Friday, September 23, 2011

Padre Pio and Me




The only connection between this post and the Divine Office is that today is St. Pio's memorial. But since the subtitle above does say that I'll occasionally write about other stuff. This is one of those occasions. 

My parents learned about Padre Pio during the late sixties. I was eight or nine. Mom showed me pictures of the Italian friar who bore the wounds of Christ, and told me stories of how he could heal the sick, tell penitents in the confessional their forgotten sins, and appear miles from his cloister to help those in trouble. I was annoyed that the Pope couldn't declare Padre Pio a saint while he was still alive, since it seemed to me that these miracles were all the evidence of holiness necessary. When news of Pio's death was broadcast on the morning news on September 23, 1969, I remember thinking that now, surely, the Pope would get on with the canonization, at once! I had a deep desire for there to be a Real Saint whose time on this earth intersected with mine. That would mean that sanctity wasn't just the stuff of history and legend, but possible even now.

As the years rolled by, I grew to respect the rigor and even skepticism with which the Church examines saints, signs and wonders before giving them formal recognition. Given the monumental task of sorting through the legends and controversies that had sprung up around the Padre Pio, it's a miracle in itself that it took only 33 years before the canonization took place in 2002.

St. Pio has always been a “friend of the family”-- part of our personal cloud of witnesses that includes St. Joseph, St. Therese, and several other favorites. We'd ask his intercession for healthy pregnancies and “a safe delivery of a happy and healthy baby” . He generally came through for us, although I'd wished I'd given more explicit instructions: one of those healthy babies manifested the symptoms of autism at age two. Although Michael is rarely sick, and is in mischievously good spirits most of the time, this isn't exactly the kind of happy and healthy that I had in mind.I've reminded St. Pio of that more than once.

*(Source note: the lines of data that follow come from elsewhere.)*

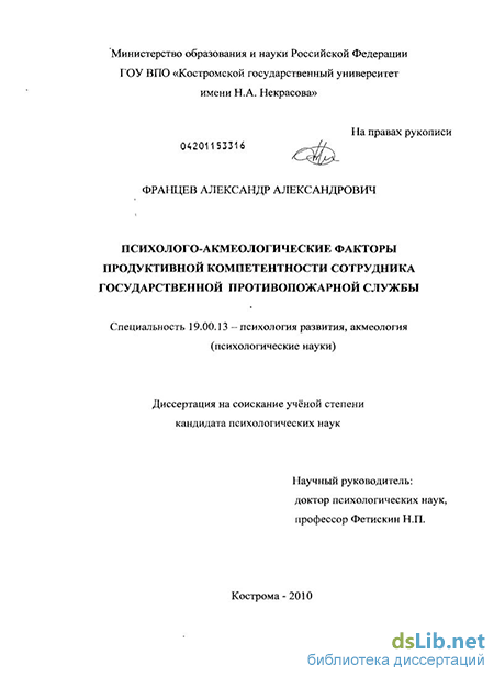 Таким образом, анализ и обобщение литературы по данной проблематике дает основание утверждать, что проблема влияния психолого-акмеологических факторов на развитие продуктивной компетентности сотрудника ГПС специально никем не изучалась, несмотря на её научно-практическую значимость.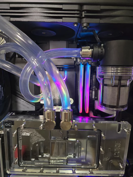 Собрать пк на водяном охлаждении на практике окзалось не сложно. Я уже 10 раз забрызгивал комп водой во время переделывания системы (мой косяк был не аккуратен), ничего не сгорело и не замкнуло. Фитинги легко крутятся руками и надежно держат воду. Чтобы убить комп водой нужно постараться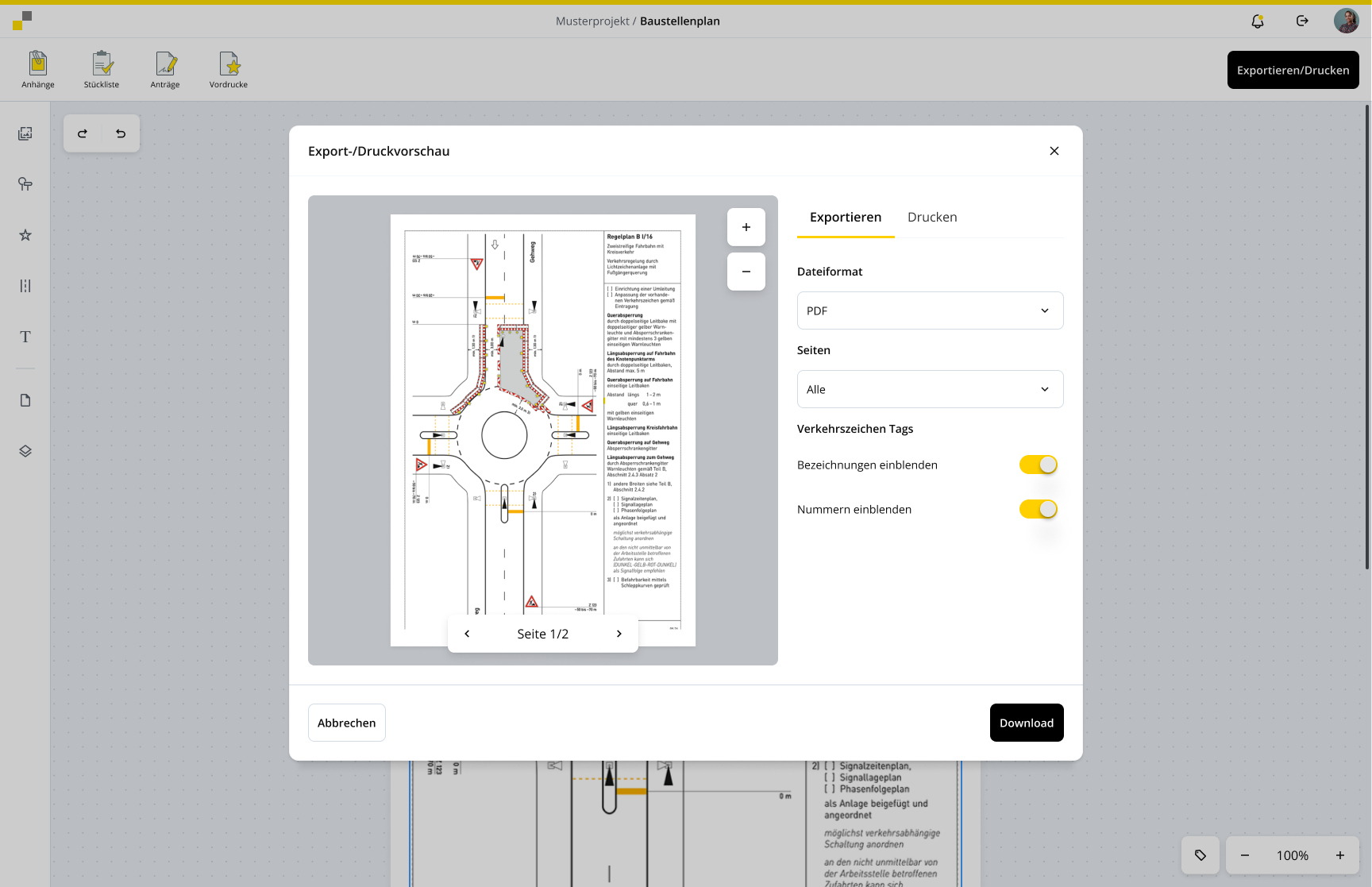 Der Verkehrszeichen-Planer vereint präzise Planung, intuitive Bedienung und moderne Technologie. Die optimierte Informationsarchitektur, das durchdachte Interaktionsdesign und das skalierbare UI-System machen die Anwendungleistungsstärker als je zuvor. Das Ergebnis ist eine Web-Anwendung, die komplexe Prozesse vereinfacht, den Arbeitsfluss beschleunigt und die Nutzer in ihrem gesamten Planungsprozess unterstützt.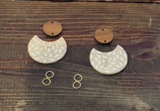 A jump ring isn’t closed. This means with the right tools, you can open it to put on the earring components and dangle the earring from the hook. In this project, I also used them to connect the wood pieces.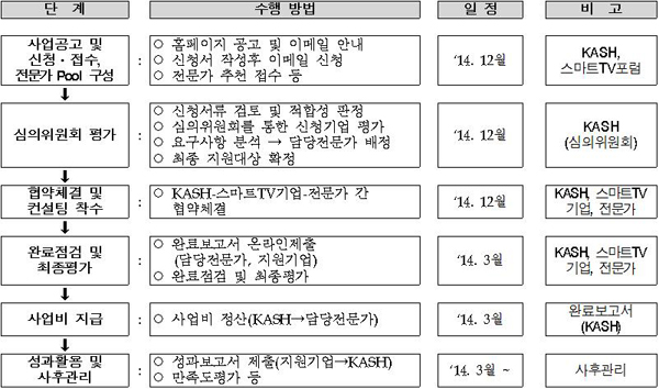 스마트TV 중소기업의 전문기술 및 사업화를 지원하고 환경변화에 빠르게 대응하도록 지원하기 위한 「2014년 스마트TV 관련 중소기업 기술 및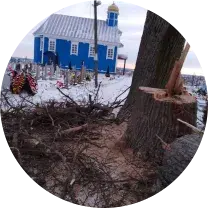 Директора дома культуры в деревне Охово на Пинщине Александра Демчука два раза судили за ”неповиновение требованию должностного лица". Сначала 23 декабря, когда он получил 15 суток административного ареста, после — 24 - го, когда дали ещё 15 суток. В чем вина директора? Он "мешал рабочим работать" — пилить 300-летние дубы. Демчук залез на одно из деревьев, но его с него сняли. После того как омоновцы забрали директора, дубы спилили.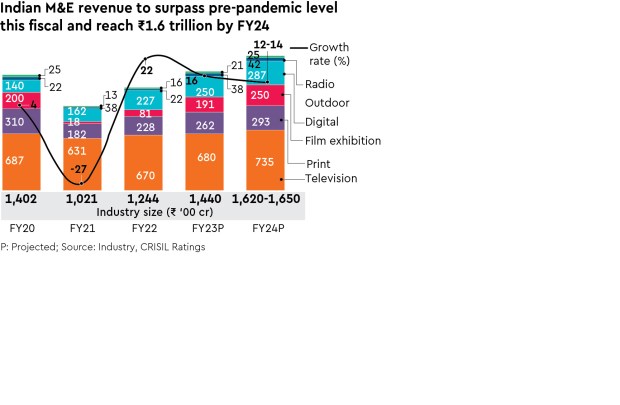 The Indian media and entertainment (M&E) sector is expected to post revenue growth of 12-14% year-on-year to approximately `1.6 trillion in FY24, against around 16% growth expected this fiscal, according to a report by Crisil Ratings. The revenue growth from advertising would be led by digital platforms, followed by TV and print, the report added.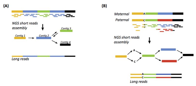 圖1 三代Nanopore測(cè)序Long reads解決高重復(fù)(A)和高雜合(B)基因組組裝[1]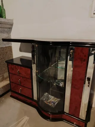 Elegante mueble de salón de estilo clásico. Ideal para una casa con salón grande. Tiene mucho espacio para guardar cosas, estanterías, vitrina, mueble bar y cajones. Entrega a domicilio y montaje gratis en Xinzo de Limia y alrededores. También se retiran gratis los muebles viejos si quieren.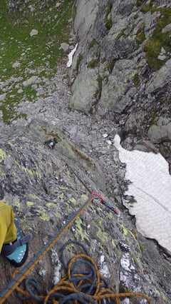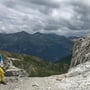 Der Einstieg zur Spigolo NE war schnell gefunden. Der Fels jedoch kalt und zudem ging ein bissiger Wind. Als wir schliesslich loskletterten war ringsum noch immer alles wolkenverhangen. Zum Glück hatten wir unsere Windjacken dabei!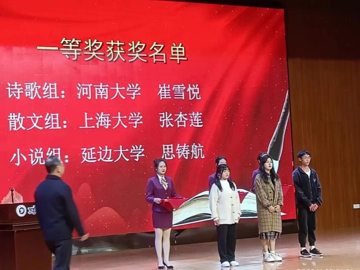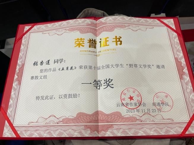 2023年11月25日,十大买球的正规网站中文系创意写作专业2021级博士研究生张杏莲凭借散文作品《五月花》获第十届全国大学生“野草文学奖”散文组一等奖,并受邀作为获奖代表上台发言。

This summer, as we drove Michael to his special needs summer camp in eastern Pennsylvania, the GPS steered us onto a different route from last year. We saw a billboard that read “National Padre Pio Center – 1 mile ahead.” I'd heard about this place before, but had never been there. I recalled reading that it was built in gratitude by the family of a child who had experienced a spectacular healing at the hands of Padre Pio. “Let's pull in,” I told my husband. “We'll take a quick look around, make a bathroom stop, and be on our way.”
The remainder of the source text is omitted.